To his horror, he later finds out that his wife has committed suicide. Further she had been having an affair for ten years with Edward, the British husband, and she killed herself because she realised that Edward had started to love someone else: a young pretty girl called Nancy. Even worse, our man finds out that his wife Florence’s heart problem turns out to be a lie that she told to trap him (what a hussy!)
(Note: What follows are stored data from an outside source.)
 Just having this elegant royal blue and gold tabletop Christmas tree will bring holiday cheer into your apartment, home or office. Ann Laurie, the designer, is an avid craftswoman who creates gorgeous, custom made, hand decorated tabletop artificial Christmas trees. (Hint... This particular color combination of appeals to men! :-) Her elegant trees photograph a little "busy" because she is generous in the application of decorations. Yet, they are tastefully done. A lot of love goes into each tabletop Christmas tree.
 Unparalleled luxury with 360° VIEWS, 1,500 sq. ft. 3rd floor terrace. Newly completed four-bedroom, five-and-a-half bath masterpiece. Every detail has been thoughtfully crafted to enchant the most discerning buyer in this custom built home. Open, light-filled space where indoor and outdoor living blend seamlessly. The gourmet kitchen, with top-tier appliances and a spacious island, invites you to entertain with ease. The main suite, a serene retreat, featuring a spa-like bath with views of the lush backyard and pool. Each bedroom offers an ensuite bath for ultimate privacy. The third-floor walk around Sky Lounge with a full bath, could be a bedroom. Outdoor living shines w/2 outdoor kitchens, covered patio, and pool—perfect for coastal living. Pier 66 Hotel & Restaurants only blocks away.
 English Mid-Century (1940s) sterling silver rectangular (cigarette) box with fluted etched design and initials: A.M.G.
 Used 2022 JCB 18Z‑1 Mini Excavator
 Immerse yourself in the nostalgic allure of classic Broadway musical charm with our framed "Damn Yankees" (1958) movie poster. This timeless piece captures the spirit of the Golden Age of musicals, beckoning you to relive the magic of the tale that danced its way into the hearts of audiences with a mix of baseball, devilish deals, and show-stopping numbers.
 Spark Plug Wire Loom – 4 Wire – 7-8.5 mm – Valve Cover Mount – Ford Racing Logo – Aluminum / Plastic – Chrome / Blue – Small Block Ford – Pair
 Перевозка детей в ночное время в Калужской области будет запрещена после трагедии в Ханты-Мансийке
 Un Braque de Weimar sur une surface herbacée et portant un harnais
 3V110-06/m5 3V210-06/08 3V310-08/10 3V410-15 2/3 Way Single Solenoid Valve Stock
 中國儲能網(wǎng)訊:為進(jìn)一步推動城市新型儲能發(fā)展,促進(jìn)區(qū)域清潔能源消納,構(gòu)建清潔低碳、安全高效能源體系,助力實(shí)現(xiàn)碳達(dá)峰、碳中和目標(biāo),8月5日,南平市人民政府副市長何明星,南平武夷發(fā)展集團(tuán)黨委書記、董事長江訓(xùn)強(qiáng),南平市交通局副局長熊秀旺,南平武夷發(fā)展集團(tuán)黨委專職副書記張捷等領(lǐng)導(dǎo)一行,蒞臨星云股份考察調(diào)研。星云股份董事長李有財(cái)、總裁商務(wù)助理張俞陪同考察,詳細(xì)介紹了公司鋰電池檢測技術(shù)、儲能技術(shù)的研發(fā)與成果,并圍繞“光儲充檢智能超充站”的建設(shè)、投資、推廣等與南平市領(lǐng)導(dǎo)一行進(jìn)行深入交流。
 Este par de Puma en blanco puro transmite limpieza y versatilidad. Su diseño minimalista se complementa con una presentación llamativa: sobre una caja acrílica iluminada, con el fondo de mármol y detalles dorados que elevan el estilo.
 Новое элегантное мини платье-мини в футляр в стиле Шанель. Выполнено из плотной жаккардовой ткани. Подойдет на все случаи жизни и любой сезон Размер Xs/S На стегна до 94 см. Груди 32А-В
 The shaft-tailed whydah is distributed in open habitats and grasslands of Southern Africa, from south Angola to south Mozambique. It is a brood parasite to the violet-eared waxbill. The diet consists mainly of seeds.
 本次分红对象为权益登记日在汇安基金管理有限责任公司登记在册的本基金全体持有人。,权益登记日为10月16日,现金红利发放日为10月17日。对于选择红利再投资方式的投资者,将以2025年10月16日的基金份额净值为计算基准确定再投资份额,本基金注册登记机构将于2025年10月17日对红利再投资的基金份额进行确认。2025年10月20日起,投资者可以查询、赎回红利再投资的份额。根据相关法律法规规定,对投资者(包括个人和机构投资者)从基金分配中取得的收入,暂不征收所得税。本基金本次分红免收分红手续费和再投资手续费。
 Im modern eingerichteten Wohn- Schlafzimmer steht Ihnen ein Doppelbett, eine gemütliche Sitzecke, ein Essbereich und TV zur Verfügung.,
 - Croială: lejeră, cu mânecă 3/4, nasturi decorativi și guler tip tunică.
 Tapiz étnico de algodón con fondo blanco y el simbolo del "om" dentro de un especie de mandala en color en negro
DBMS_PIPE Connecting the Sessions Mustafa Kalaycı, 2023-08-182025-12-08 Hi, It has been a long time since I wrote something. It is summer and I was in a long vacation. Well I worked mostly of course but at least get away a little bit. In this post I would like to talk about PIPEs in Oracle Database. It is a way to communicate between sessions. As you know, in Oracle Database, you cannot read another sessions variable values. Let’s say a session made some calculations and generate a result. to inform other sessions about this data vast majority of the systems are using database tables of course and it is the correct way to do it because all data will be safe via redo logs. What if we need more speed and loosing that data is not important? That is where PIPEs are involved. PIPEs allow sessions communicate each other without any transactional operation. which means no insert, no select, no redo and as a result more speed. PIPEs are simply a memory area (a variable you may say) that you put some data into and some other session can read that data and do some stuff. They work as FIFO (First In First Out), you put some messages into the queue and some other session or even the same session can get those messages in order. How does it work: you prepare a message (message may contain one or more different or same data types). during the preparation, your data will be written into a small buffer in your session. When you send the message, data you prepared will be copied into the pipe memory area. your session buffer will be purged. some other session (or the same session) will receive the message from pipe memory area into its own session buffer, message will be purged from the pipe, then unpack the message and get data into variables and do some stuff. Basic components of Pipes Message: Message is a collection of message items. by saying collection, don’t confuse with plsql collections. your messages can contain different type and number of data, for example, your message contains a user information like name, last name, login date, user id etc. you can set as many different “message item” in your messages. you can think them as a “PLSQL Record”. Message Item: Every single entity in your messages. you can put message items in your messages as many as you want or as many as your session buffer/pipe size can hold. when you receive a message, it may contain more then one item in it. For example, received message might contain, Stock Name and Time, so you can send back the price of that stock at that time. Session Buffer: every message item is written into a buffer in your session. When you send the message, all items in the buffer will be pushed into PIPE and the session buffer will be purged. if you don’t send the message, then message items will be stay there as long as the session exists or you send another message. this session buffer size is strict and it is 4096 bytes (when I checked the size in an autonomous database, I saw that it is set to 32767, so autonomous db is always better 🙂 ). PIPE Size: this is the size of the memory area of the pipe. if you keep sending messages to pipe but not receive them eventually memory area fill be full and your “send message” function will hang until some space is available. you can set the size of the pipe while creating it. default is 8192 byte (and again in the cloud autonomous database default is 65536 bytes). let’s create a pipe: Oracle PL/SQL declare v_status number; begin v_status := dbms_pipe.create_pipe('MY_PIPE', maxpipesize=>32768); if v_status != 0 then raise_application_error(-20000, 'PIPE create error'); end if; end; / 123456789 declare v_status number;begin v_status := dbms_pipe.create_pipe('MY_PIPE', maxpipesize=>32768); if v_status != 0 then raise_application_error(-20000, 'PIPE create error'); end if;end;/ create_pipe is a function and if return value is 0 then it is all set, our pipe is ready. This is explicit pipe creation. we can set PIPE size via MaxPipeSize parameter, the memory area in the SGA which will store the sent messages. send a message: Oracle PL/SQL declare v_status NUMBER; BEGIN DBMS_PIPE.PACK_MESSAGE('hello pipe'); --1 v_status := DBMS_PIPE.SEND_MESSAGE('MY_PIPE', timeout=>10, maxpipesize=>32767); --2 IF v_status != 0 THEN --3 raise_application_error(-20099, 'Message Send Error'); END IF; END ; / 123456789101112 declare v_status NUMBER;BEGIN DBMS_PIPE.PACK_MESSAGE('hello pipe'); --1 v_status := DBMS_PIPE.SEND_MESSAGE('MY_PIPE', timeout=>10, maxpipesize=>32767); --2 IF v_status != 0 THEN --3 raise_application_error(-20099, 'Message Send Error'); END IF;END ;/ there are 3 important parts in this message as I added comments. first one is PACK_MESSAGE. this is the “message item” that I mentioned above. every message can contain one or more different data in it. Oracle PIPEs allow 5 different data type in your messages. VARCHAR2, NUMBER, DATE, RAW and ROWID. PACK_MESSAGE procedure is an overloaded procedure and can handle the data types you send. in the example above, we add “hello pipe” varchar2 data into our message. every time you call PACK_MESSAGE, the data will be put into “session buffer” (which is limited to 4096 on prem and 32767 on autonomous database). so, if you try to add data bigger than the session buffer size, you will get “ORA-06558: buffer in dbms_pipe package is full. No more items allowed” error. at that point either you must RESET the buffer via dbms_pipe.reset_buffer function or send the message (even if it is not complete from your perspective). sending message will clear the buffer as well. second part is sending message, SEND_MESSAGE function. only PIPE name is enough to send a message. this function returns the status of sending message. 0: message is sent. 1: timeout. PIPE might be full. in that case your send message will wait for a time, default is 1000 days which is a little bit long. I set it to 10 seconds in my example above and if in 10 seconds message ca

To make things even sadder, Nancy moves away, and Edward the British Husband slits his own throat in depression. Nancy goes crazy, and our man - who has begun to love her - spends the rest of his days looking after her. But she can’t say a word.

Gripping stuff.

The Good Soldier is a brilliant story. It is also very told in a very clever way. The writer Ford M. Ford builds up the story in layers. Just like toffee ripple ice-cream. The whole thing is like a friend telling you a story next to a hot fire. He’s got a big glass of wine in his hand, and misses bits out, goes back over things, and generally just pulls you into his tale. Like a friend, he forgets things, misses things out, and accidentally tells untruths whilst spilling his wine and commenting on how big and white the moon is. I felt like a friend was crying on my shoulder in a bar. And I wanted to buy him another drink.

What it teaches you about life

Whenever I read a good book, I always want to try and pull out lessons from it. What is it going to teach me about life?

The Good Soldier has lots of lessons.

Number 1. - Bad things happen.

Without getting all Buddhist; suffering is part of life. It is completely unavoidable, even if you’re basically a good person. So how you deal with it is incredibly important. Our man handles it in completely the wrong way.

When he realises his wife has messed him around, he blames himself. And then he repeats his mistakes, but taking care of another invalid who doesn’t love him - Nancy.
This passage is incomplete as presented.